Arisu: no I’m not but I have them on constant replay in my head as my own form of eternal torture Arisu: its like a foreplay of hell Kuina: Maybe I’m just stupid but foreplay of hell is the most terrifying combination of words I’ve heard in a while Usagi: no yeah I’m going to cry on my floor over that
Hatter: would it be narcissistic to write a fanfic about myself?
Aguni: that's called a autobiography
Hatter: no cuss it would be a apocalyptic sorta smutty but in a really lose and not obvious way so that its up to the reader to decide friends to lovers to enemies fic
Aguni: so an autobiography
SO TEA PARTIES. HATTER HAS THEM, HE INVITES HIS FARM ANIMALS, AGUNI, ARISU, KUINA AND ANN. Aguni wears his normal clothes but has a feather boa that is pink and the feathers get in his mouth constantly but he wears it because he would rather not have Hatter cry again hatter wears a full on Disney princess dress (either Ariel or sleeping beauty) but its a kids size so its like basically a top for him. he also wears galaxy print leggings because he can Arisu wears a plastic tiara and wears a pair of heals he was gifted that he struggles to walk in but they make him taller so he pushes through the agony that is wearing heals Kuina wears a really cool ball gown with a real tiara and pearl earrings and shit and shes super fancy and pretty and wow I love her Ann either wears a suit cuss she's a girlboss or wears a matching dress to Kuina. she also has those fancy rich person gloves that like go up to her bicep. the farm animals all have either tiaras, feather boas to match Aguni or their fur dyed to be cool
Hatter would steal you the most fanciest, expensive and insanely big ring for you to propose with and then would try convince you to trade rings with him because he wants it hes pretty princess he needs the fancy ring to attend his tea-parties with Aguni, his farm animals, and Arisu
Kuina is probably very pro-turtles and I feel like to piss her off Last boss will ONLY use plastic straws. And I mean only. drinking dr pepper? straw. drinking water? straw drinking black coffee? straw eating soup? straw spaghetti? straw this man has most definitely eaten an entire 3 course meal with a plastic straw to spite Kuina and she just couldn't react other than crying because wtf is this dumbass doing
Niragi is the kinda guy who juices everything. A donut? Juiced. Bell pepper? Juiced. The greatest piece of steak known to man? Juiced.

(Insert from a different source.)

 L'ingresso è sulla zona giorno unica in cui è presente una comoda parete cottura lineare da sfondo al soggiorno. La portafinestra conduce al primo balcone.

Anyway one day this dude brought a chicken, cooked it but like it was low-key still pink, blended it, chugged it and left the kitchen silently all whilst Aguni is sobbing into a bowl of cereal at 3am
Okay, okay, back on the Farm thing-
Who would win: Hatter's farm, which apparently has more than just ducks, or Karube's emu farm. Just so you know, there's a lot of emus, but there are also a whole lot of ducks.
But, well, now Hatter has a horse, a cow, and a goat in this extended universe, so.

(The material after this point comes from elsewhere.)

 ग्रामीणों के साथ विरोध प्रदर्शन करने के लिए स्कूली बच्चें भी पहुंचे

Emu farm all the way. those things are monsters. A cow will charge them, yeah, but they're not fantastic at turning in my experience of being charged by cows and also they're quite easy to outrun ( cows are like 40km/h max and emu is 50km/h.). the horse might be hard to deal with since they run around 88km/h and have a really hard kick but I feel like one against ALOT of emus won't work. It will probably take down a lot but eventually even the mighty fall. the goat might be hard since it's a good climber but goats are also often small and I feel like it will fall as well. the ducks might annoy the emus to death but it would end in a battle of the pecks and ducks are just so small. they'll be attacking the emu's feat but the emus could attack all of the duck cuss of the height difference. however, if we include hatter in this (cuss let's be real that mans basically a farm animal) then the Emus still win because THEIR FUCKING HORRIFYING I MEAN REALLY IF I SAW ONE I WOULD START SOBBING UNCONSOLABLY THEIR MURDEROUS DEVIL BIRDS.

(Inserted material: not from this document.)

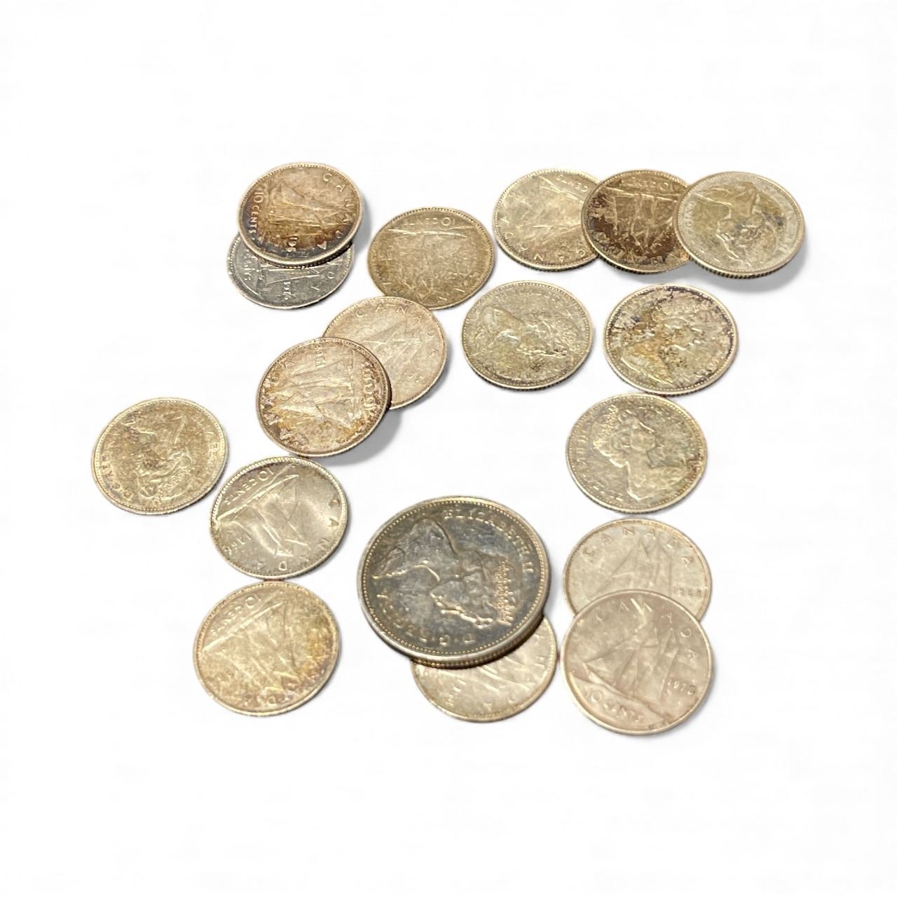 20 Canadian 1968 Silver Dimes -Mix of 50% and 80% Silver - Circulated

Only a man of his greatness will understand the pleasure of having a bunch of farm animals in his care.
I also feel like he uses them to prank people and or annoy the crap outa them because honestly imagine having to shovel all the crap up. That’s like the worst job- especially off carpet
I want hatter to have a cow. I want him to treat the cow like it’s his child. Like it’s a gift from the gods. I want him to find the best bell collar, decorate the ears with ribbons. Omfg imagine him like painting the hooves to match his own nail polish.
Oh and it most definitely sleeps in his bed and he sleep in a hammock hanging above him
I want hatter to have a cow. I want him to treat the cow like it’s his child. Like it’s a gift from the gods. I want him to find the best bell collar, decorate the ears with ribbons. Omfg imagine him like painting the hooves to match his own nail polish.
Oh and it most definitely sleeps in his bed and he sleep in a hammock hanging above him
Aib au where everything the same except their all my little pony characters
Kuina and last bosses fight was like cool and all but imagine instead of they just rap battled. Or better yet power of friendship and they became like best friends.
Imagine just last boss being forced to come along and suddenly becoming the annoying dad of the group. All “no you can’t go try climb that 7 story building usagi that’s dangerous. I’ll do it instead”.
Also imagine Kuina like finding a wig for him and styling it and it’s like bright blue and he refuses to take it off cuss his bestie gave it to him.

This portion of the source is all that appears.